President Kendall dies at 101
Glenn Kendall, who led Chico State University as president from 1950 until his retirement in 1966, died March 5 at a Chico nursing home. He was 101.
Kendall is credited with ushering the school into a new era. When he arrived in 1950, it was a teacher-training college with 1,500 students and 78 faculty members. By the time he left, those numbers had quadrupled.
Kendall oversaw the period of growth at the university following World War II, during which 13 new buildings were built on campus and programs such as nursing, engineering and agriculture were added. The historic administration building, Kendall Hall, was renamed in his honor in 1979.
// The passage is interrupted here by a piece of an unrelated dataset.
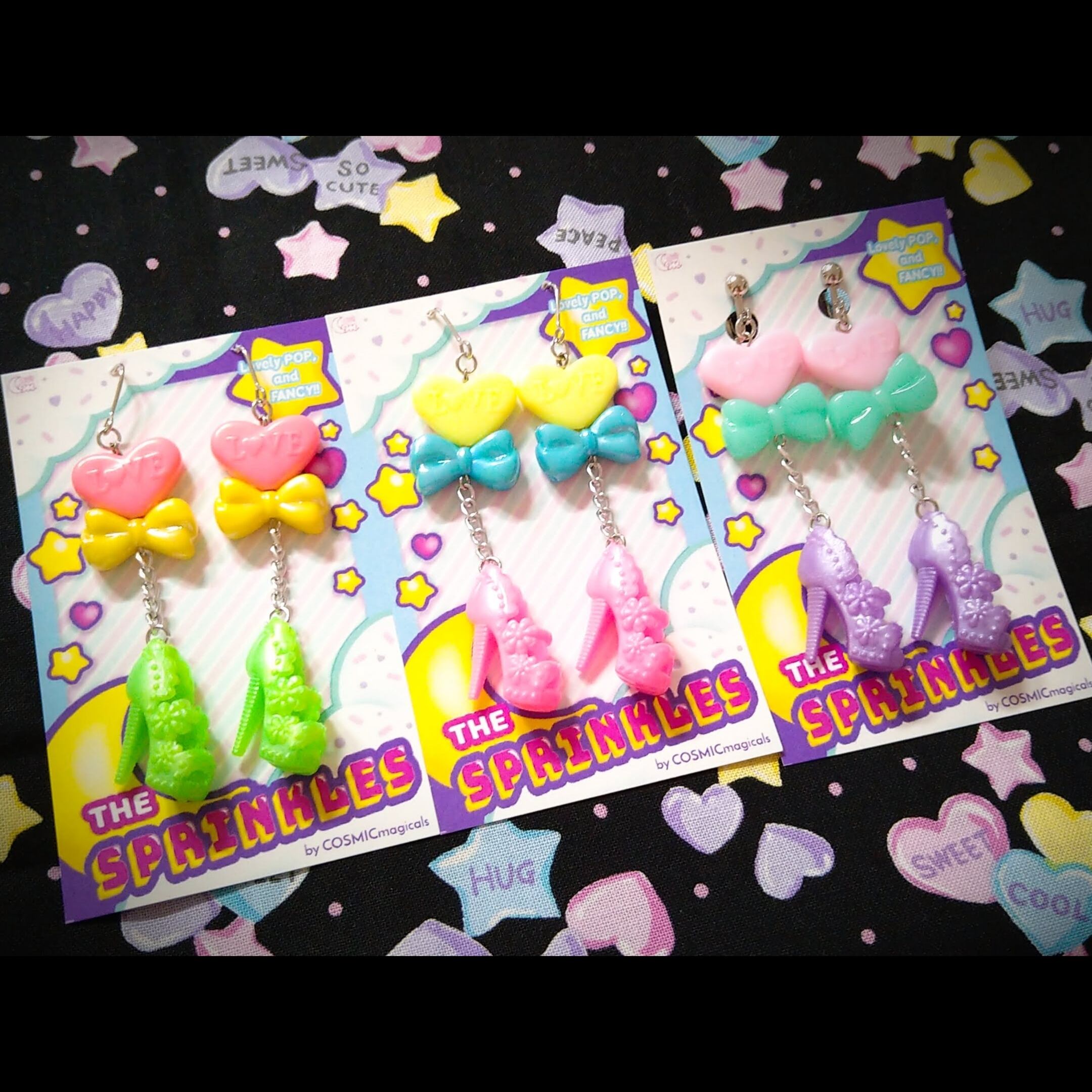 リボンを結んだハートのバルーンにユニークなハイヒールが耳元で揺れる、ロングタイプのイヤリングです♡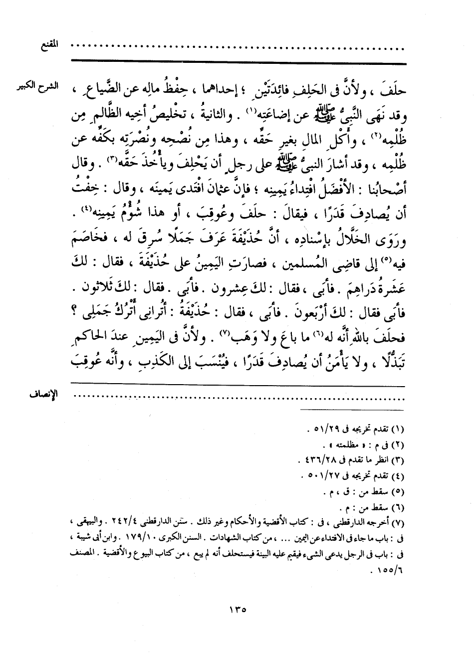 (¬7) أخرجه الدارقطنى، في: كتاب الأقضية والأحكام وغير ذلك. سنن الدارقطنى 4/ 242. والبيهقى، في: باب ما جاء في الافتداء عن اليمين. . .، من كتاب الشهادات. السنن الكبرى 10/ 179. وابن أبى شيبة، في: باب في الرجل يدعى الشئ فيقيم عليه البينة فيستحلف أنه لم بيع، من كتاب البيوع والأقضية. المصنف 6/ 155.

“President Kendall was probably one of the most influential presidents CSU, Chico has ever had,” said Manuel Esteban, president of the university. “Although he retired in 1966, he remained very interested in higher education. … Over the last 10 years, I visited him a number of times. I found him to be informed, interested, helpful and very kind. I will miss him. He was a gentleman. A whole era died with him.”
During his tenure, Kendall was perceived as strong-willed, decisive and at times controversial, such as when he fired John Gardner, who went on to become a successful novelist.
But he was also known as being kind and fair and a good listener. He started the Faculty Council, which became the Faculty Senate, a strong voice for teachers at the university.
Last spring he was presented with a proclamation from Butte County and the city of Chico naming May 4, 2002, Dr. Glenn Kendall Day.
Kendall was born a minister’s son in Tennessee and was a schoolteacher in rural Kentucky before taking on jobs as diverse as Tennessee superintendent of schools and a director with the Department of Immigration and Naturalization. He earned his doctorate at Columbia University. He and his wife, Susan, had three young children at the time the family moved to Chico.
Joe Selak, coordinator of The Inn at Sierra Sunrise Village, said Kendall especially liked working on his memoirs, a project his family plans to complete. “He enjoyed any type of reminiscing. He enjoyed telling jokes,” Selak said.
Jo Miter, a resident of The Inn who became close friends with Kendall when he moved there in 1993, found him both gentlemanly and down-to-earth, enjoying poetry, humor and especially music. “I never knew him when he was at the university,” Miter said. “We all knew what he was and everybody was sort of in awe of him. But he was always very friendly to everybody.
“He loved his fellow man," she added. "He wanted more than anything to get everyone in the world educated."